Recent evidence indicates that persistent cognitive manifestations associated with post-COVID syndrome represent not only a highly prevalent clinical problem but also an emerging field of urgent scientific inquiry, demanding coordinated efforts to understand the underlying mechanisms and to develop monitoring and intervention strategies [12,15,16,34].
The results of this study provide important evidence that the severity of COVID-19 is associated with a differentiated pattern of cognitive impairment, particularly in domains related to executive functions, attention, working memory, and episodic memory. Overall, as seen in Figure 1, regression models revealed that age was a consistent negative predictor across all tests, especially in groups with moderate and severe symptoms, while educational level did not show a significant impact on any of the evaluated measures.
A detailed analysis by cognitive domain of the information presented in the figure allowed for the identification of important nuances. Working memory (Digit Span Forward) and attention/executive control (Digit Span Backward) were strongly influenced by age, with a more pronounced effect in the severe group for working memory and in the moderate group for attention, at least three years after COVID-19 infection. This result suggests that attentional processes involving cognitive flexibility and inhibitory control may be particularly vulnerable to interactive effects of aging, neuroinflammatory processes, and post-COVID hypoxia [8,10,18,35,36].
The analysis further revealed that COVID-19 severity was associated with age, amplifying deleterious effects on crucial cognitive functions such as working memory and attention. The more pronounced impact observed in the assessed subtests may be related to neurobiological mechanisms associated with infection, including neuroinflammation, microvascular alterations, and functional impairment in frontoparietal regions and the hippocampus—structures central to executive and memory processing [18,37,38]. Overall, the analyses reinforce that age is a relevant risk factor for post-COVID cognitive impairment, especially in individuals with moderate to severe symptoms, whereas educational level, although recognized as a component of cognitive reserve [38], did not play a significant role in the tested models.
Educational level did not show a statistically significant impact on cognitive performance in any of the Digit Span tasks, indicating that, in this sample, years of schooling were not meaningfully associated with observed variations in cognitive outcomes. A possible explanation for this finding lies in the fact that the sample had, on average, relatively high educational attainment, which may have reduced the variability required to detect significant effects, suggesting a ceiling effect. Moreover, it is plausible that the influence of educational level was attenuated by more robust factors such as age and symptom severity, which exerted greater impact on cognitive performance. Although education is often associated with greater resilience to brain damage, its potential to modulate the cognitive effects of COVID-19 may be limited, especially in the context of a systemic and multifocal insult characteristic of viral infection. This possibility underscores the importance of both preventing the disease and monitoring possible cognitive deficits in individuals who have already been infected, since typically protective personal factors may not be sufficient to mitigate impairments, as suggested by the present findings.
Verbal fluency, which depends on both language networks and executive control, was also impaired in groups with greater symptom severity, consistent with previous findings among disease survivors [38,39]. In this study, verbal fluency showed greater vulnerability in the moderate group, with a more pronounced β coefficient, suggesting that the combination of age and residual COVID-19 dysfunctions significantly affects lexical retrieval ability. This result aligns with studies describing persistent impairments in semantic and phonemic fluency tasks among COVID-19 survivors, even after the acute phase of the disease [22,34,39].
Regarding visual recognition memory, a stronger age-related impact was observed among individuals with severe symptoms, indicating that aging, combined with possible neurobiological insults related to the disease, compromises hippocampal circuits and frontoparietal networks involved in this type of task [37]. This finding supports the hypothesis that severe cases of COVID-19 may potentiate subclinical neurodegenerative processes or accelerate pre-existing trajectories of cognitive decline [40].
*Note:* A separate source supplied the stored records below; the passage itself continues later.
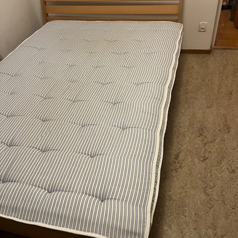 Ovanpå en tjock, tvättbar, bäddmadrass från Sverige sängen. Sängram i trä.
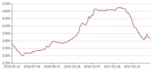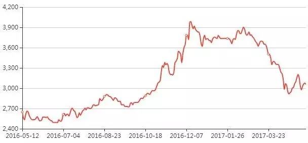 热轧钢年度走势图(2016年3月10日——2017年5月12日)
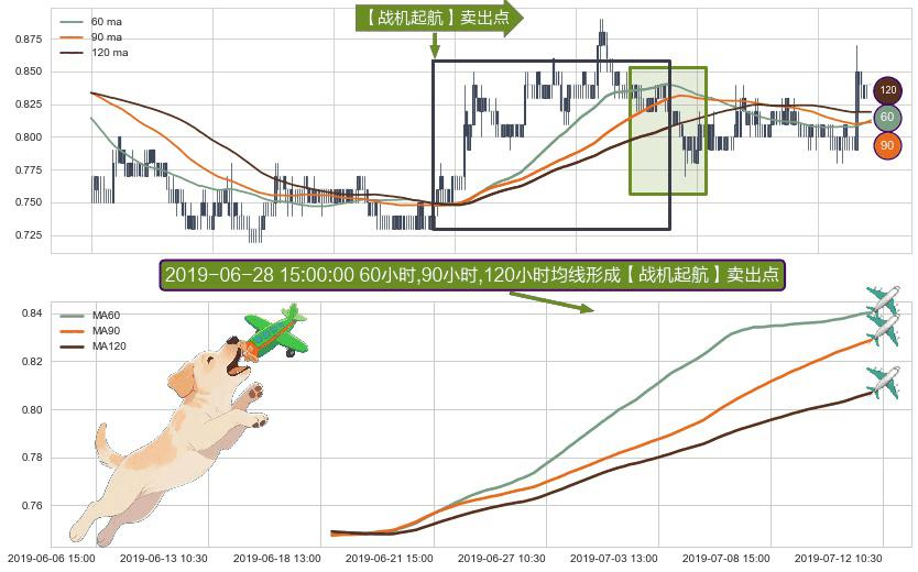 ⚀ 2019-06-18 15:00:00小时-2019-07-11 15:00:00小时显现 60小时-90小时-120小时均线 【战机起航】卖出点 看空信号,后市看跌,卖出

This pattern of results is supported by literature indicating that episodic memory—particularly in visual recognition tasks—is sensitive to hippocampal and frontoparietal dysfunctions associated with neuroinflammatory and hypoxic processes triggered by COVID-19 [14,18,25,37]. The more pronounced age effect in individuals with severe symptoms may reflect the combination of biological vulnerability due to aging and pathophysiological mechanisms related to infection, such as persistent inflammation and cerebrovascular alterations.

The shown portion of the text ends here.